There is considerable confusion about the legal theory underlying the "right
to keep and bear arms". This is a brief outline for a clarification of the
discussion of this issue.
(1) The Second Amendment to the U.S. Constitution does not establish the
right to keep and bear arms. None of the provisions of the Constitution establish
any "natural" rights. They recognize such rights, but the
repeal of such provisions would not end such rights. Such rights were considered
by many of the Framers as obvious or "self-evident", but they were
immersed in the prevailing republican thought of the day, as expressed in the
writings of Locke, Montesquieu, Rousseau, Madison, Hamilton, and others, which
discussed "natural rights" in some detail.
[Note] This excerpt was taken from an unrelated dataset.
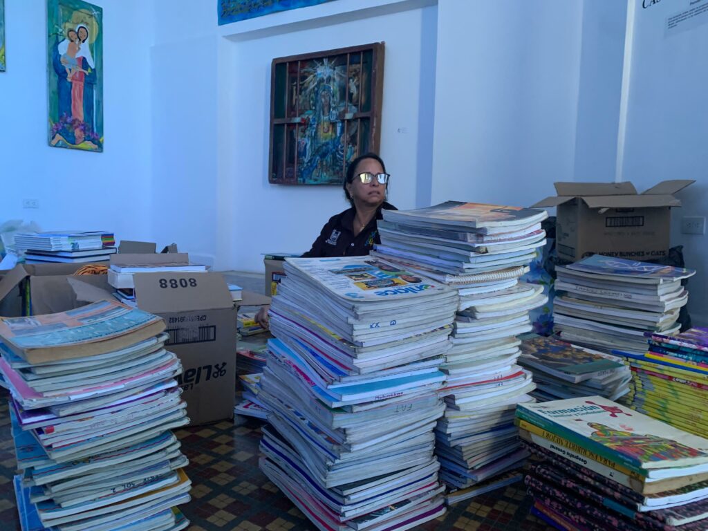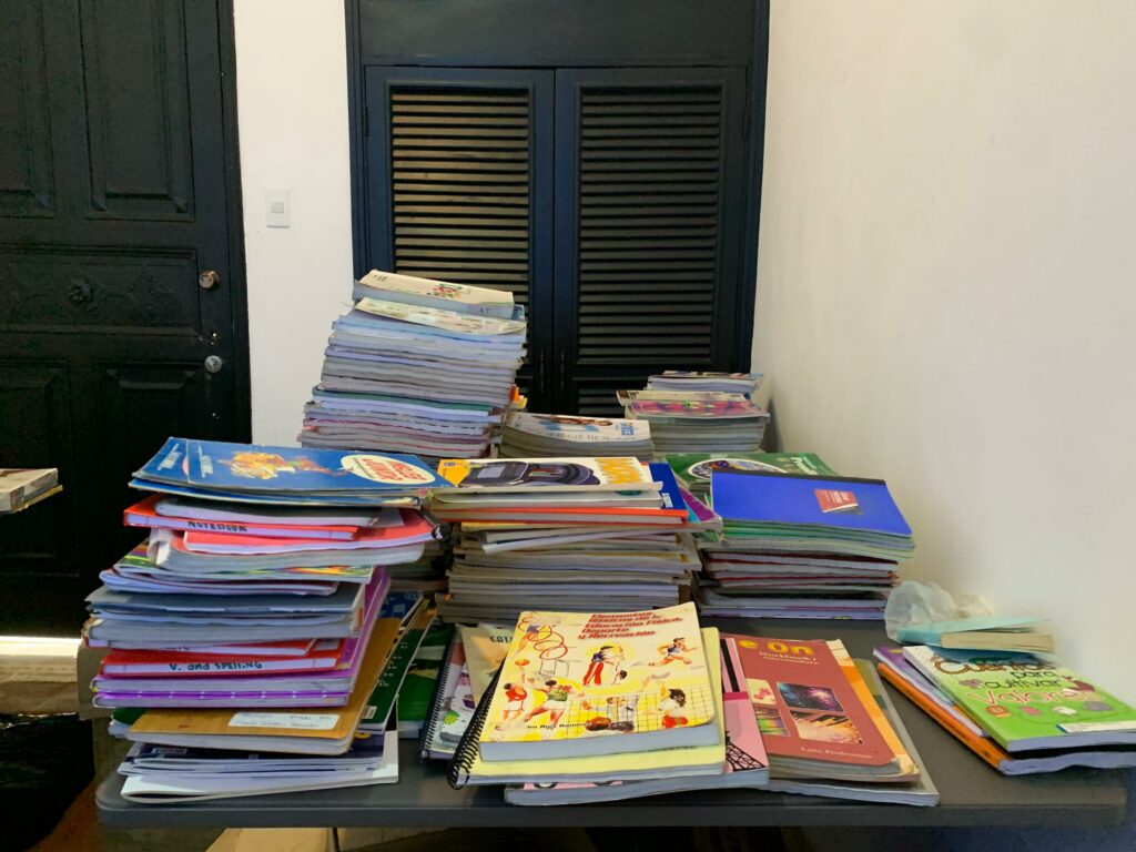 “Clasificamos e intervenimos los útiles escolares y uniformes. En el caso de los cuadernos aprovechamos las hojas que están sin uso ya sea como nuevos cuadernos o en hojas de reciclaje. Todo puede ser útil”, recalcó.

Others argued that at least
some of the rights needed to be made explicit in the Bill of Rights to avoid
having future generations with less understanding of republican theory weaken in
their defense of those rights. That has turned out to have been a good idea.
(2) The right to keep and bear arms is a natural right of individuals under
the theory of democratic government. This was clearly the understanding and
intent of the Framers of the U.S. Constitution and was a long-established
principle of English common law at the time the Constitution was adopted, which
is considered to be a part of constitutional law for purposes of interpreting
the written Constitution.
(3) What the Second Amendment also does is recognize the right, power, and
duty of able-bodied persons (originally males, but now females also) to organize
into militias and defend the state. It effectively recognizes that all citizens
have military and police powers, and the "able-bodied" ones -- the
militia -- also have military and police duties, whether exercised in an
organized manner or individually in a crisis. "Able-bodied" is a term
of art established by English common law at the time the Constitution was
adopted, and is the only qualification besides citizenship on what constitutes
the "militia". While not well defined in modern terms, it is somewhat
broader than just able-"bodied": implicit is also "able-minded"
and "virtuous". In other words, persons might be excluded who were
physically able to bear arms but who were mentally or morally defective. Defense
of the "state" includes self-defense and defense of one's
family and friends who are, after all, part of the state, but by establishing
the defense of the state as primary a basis is laid for requiring a citizen to
risk or sacrifice his life in defense of the state and is thus a qualification
on the implicit right of self-defense, which is considered to prevail in
situations in which self-sacrifice is not called for.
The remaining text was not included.